Selected features for K-Means clustering model.

Due to different ranges of each variable, we first scaled the variables using min-max normalization before applying the K-Means clustering method. After assigning each patient to a cluster, Principal Component Analysis was applied to the dataset to perform dimension reduction in order to visualize the clusters by the top two principal components.

Classification of patients by length of hospital stay

From our classification models, we can see that the Gradient Boosting Machine marginally outperformed the other two models tested. Since GBM uses an ensemble approach to grow classification trees sequentially, with each tree using knowledge gained from previous trees to improve aggregate performance, it generally performs more optimally than simple logistic regression or random forest. However, we still see here that the overall performance of the models is poor; in fact, we weren’t able to obtain an accuracy much higher than that of a random guess.

Accuracy of models used to predict patient Length of Stay (LOS).

These results suggest that it is difficult to predict the length of a hospital stay based on patient characteristics, diagnosis, and admission circumstances alone. This is unsurprising, given that the length of a hospital stay may be determined by many factors exogenous to the patient, such as the availability of physicians, specialized equipment, and the effectiveness of managing patient cases, or if the treatment of an initial condition leads to the discovery of additional conditions requiring treatment.

We also generated confusion matrices to further break down our results and examine the precision and recall of the models.

As a quick refresher: Recall is a measure of the classifiers’ completeness; the ability of the model to correctly identify a short, medium, or long stay over all true existing observations of that class, while Precision counts the number of correctly identified observations in each LOS class over the total number of observations predicted as as a short, medium, or long term stays.

Confusion matrix comparisons of MLR, RF, and GBM models.

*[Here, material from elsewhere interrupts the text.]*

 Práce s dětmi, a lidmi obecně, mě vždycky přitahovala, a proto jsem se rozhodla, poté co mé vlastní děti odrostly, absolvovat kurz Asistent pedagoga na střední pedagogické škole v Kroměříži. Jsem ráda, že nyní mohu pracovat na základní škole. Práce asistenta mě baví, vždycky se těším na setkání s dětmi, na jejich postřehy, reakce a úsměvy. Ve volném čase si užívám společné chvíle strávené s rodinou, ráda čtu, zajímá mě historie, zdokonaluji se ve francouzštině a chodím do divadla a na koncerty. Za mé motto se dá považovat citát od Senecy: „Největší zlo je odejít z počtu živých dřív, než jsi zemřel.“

The confusion matrices reveal that all models performed best at identifying short stays. However, it appears that this may be due to the tendency of the models to overwhelmingly predict short stays over any other class, as the models were much less likely to identify medium and long term stays when they did occur. Under this model, hospitals would most likely underestimate the duration of patient stays, which could lead to an inadequate preparation of beds, staff, and resources to handle realized capacity needs. Given the high-consequential risk of misinformation in the context of healthcare resource allocation, we can infer that hospitals wouldn’t have enough information to make any LOS related decisions based on a patient’s admission characteristics alone.

Clustering of patients by patient-caretaker interactions

Next, let’s look at the results from the clustering model. With three clusters, we found that the total sum of squares variation — calculated as the variation between clusters relative to the total variation — was 64.5%, representing a total measure of variance in the patients which can be explained by the three clusters. The plot of clusters by the top two principal components reveals that cluster 3 represents the vast majority of patients, who experienced comparably lower average daily numbers of patient-caretaker interactions and with a relatively low degree of variation. Patients assigned to cluster 2 show a higher variation in patient-caretaker interactions, while cluster 1 represents patients with the highest overall number of and variation in patient-caretaker interactions.

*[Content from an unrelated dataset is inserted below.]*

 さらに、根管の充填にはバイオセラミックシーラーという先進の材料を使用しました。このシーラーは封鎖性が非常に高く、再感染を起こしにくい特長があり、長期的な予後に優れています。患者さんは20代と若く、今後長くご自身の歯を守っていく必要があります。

Results of the K-Means clustering of patients by patient-caretaker interactions, plotted by the first two principal components. Figure by authors.

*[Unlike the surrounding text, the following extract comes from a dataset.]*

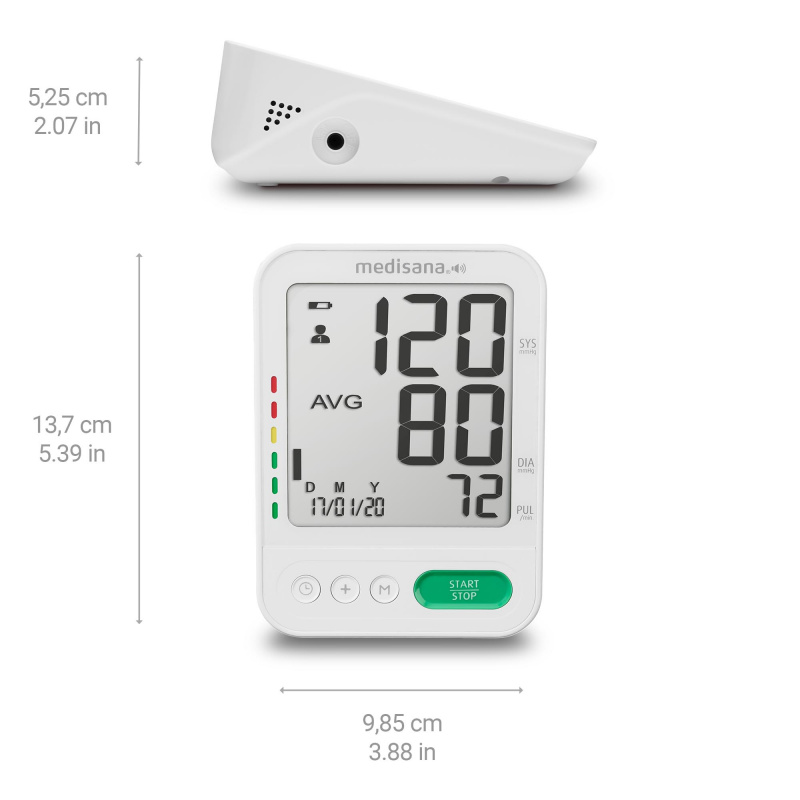 Mua tại TiktokMáy đo huyết áp bắp tay báo kết quả bằng giọng nói • Công nghệ đo IMT (đo trong lúc bơm), kết quả đo chính xác và nhanh chóng, cực kì yên tĩnh • Đọc kết quả bằng giọng nói (Đức, Anh, Hà Lan, Pháp, Italia, Thổ Nhĩ Kỳ) • Bộ nhớ 120 lần đo x 2 người sử dụng • Phân loại mức huyết áp bằng vạch màu theo tiêu chuẩn WHO • Phát hiện chuyển động trong lúc đo, tự động báo lỗi • Báo lỗi khi quấn sai vòng bít • Cảnh báo nhịp tim bất thường • Màn hình LCD hiển thị huyết áp tâm thu, tâm trương, nhịp tim, ngày tháng, thời gian • Đèn nền cùng chữ số lớn (40 mm) dễ đọc • Tự động tắt khi không sử dụng • Kích thước vòng bit lớn 23-43 cm • Thiết bị y tế được chứng nhận MDD (Medical Device Directives - Chỉ thị thiết bị y tế của Ủy ban châu Âu)

Now, let’s break down each cluster by looking at the relative frequency of patient characteristics within each cluster, Here, we see that patients in cluster 1 were most likely to have been diagnosed with sepsis, had the shortest stays, and most frequently died. This observation is logical, given that sepsis is classified as a medical emergency which can rapidly progress to septic shock, triggering tissue damage, organ failure, and is oftentimes fatal [3]. Although we aren’t able to assume causality, it is possible that the high variation in patient-caretaker interactions in this cluster could be driven by the dominance of high-fatality conditions whereby a patient either died before treatment, or died while being treated.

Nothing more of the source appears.